In September of this year, French President Francois Hollande unveiled a budget proposal designed to cut the country's annual budget deficit down to 3 percent of gross domestic product from its current 4.5 percent.
The main mechanism for closing the gap? Tax hikes on businesses and the wealthy, including a 75 percent tax on anyone earning over a million euros annually, as well as additional taxes on capital gains and dividends. The budget cut little in the way of public spending, however, and didn't make signfiicant reductions in the public sector workforce.
Top credit ratings agency Moody's isn't impressed. It just cut France's top credit rating, according to Bloomberg:
France lost its top credit rating at Moody’s Investors Service, which also maintained a negative outlook for Europe’s second-largest economy, citing what it called a worsening growth outlook.
France was cut to Aa1 from Aaa, the rating company said yesterday. The Moody’s downgrade follows one by Standard & Poor’s in January and increases pressure on President Francois Hollande to find ways to bolster growth.
“France’s fiscal outlook is uncertain as a result of its deteriorating economic prospects, both in the short term due to subdued domestic and external demand” and “structural rigidities” in the longer term, Moody’s said in a statement in Frankfurt.
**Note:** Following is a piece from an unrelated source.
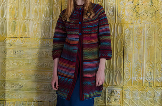 材料:ダイヤモンド毛糸 ダイヤカリーノ 緑・青・えんじ系段染め(6805)220g/8玉 ピンク・青・オレンジ系段染め(6804)115g/4玉 ダイヤタスマニアンメリノ えんじ(718)250g/7玉 紺(725)90g/3玉。直径18mmのボタン4個。

Standard & Poor's kicked France's credit rating down a notch in January, so this isn't entirely unexpected. It is, however, a reminder of the dim prospects for growth in France, where unemployment is currently higher than it's been in more than a decade. Via The Guardian:
Defending the downgrade, Moody's stated: "France's long-term economic growth outlook is negatively affected by multiple structural challenges, including its gradual, sustained loss of competitiveness and the long-standing rigidities of its labour, goods and the service markets.
"France's fiscal outlook is uncertain as a result of its deteriorating economic prospects, both in the short term, due to subdued domestic and external demand, and in the longer term due to the structural rigidities noted above."
Officially, French public debt hit 91 percent of GDP this year, which is the level at which many economists say that debt has the potential to becomes a serious drag on a nation's economy. The U.S. is on track to follow, with public debt projected to hit 90 percent of GDP in the next decade under the Congressional Budget Office's alternative fiscal scenario.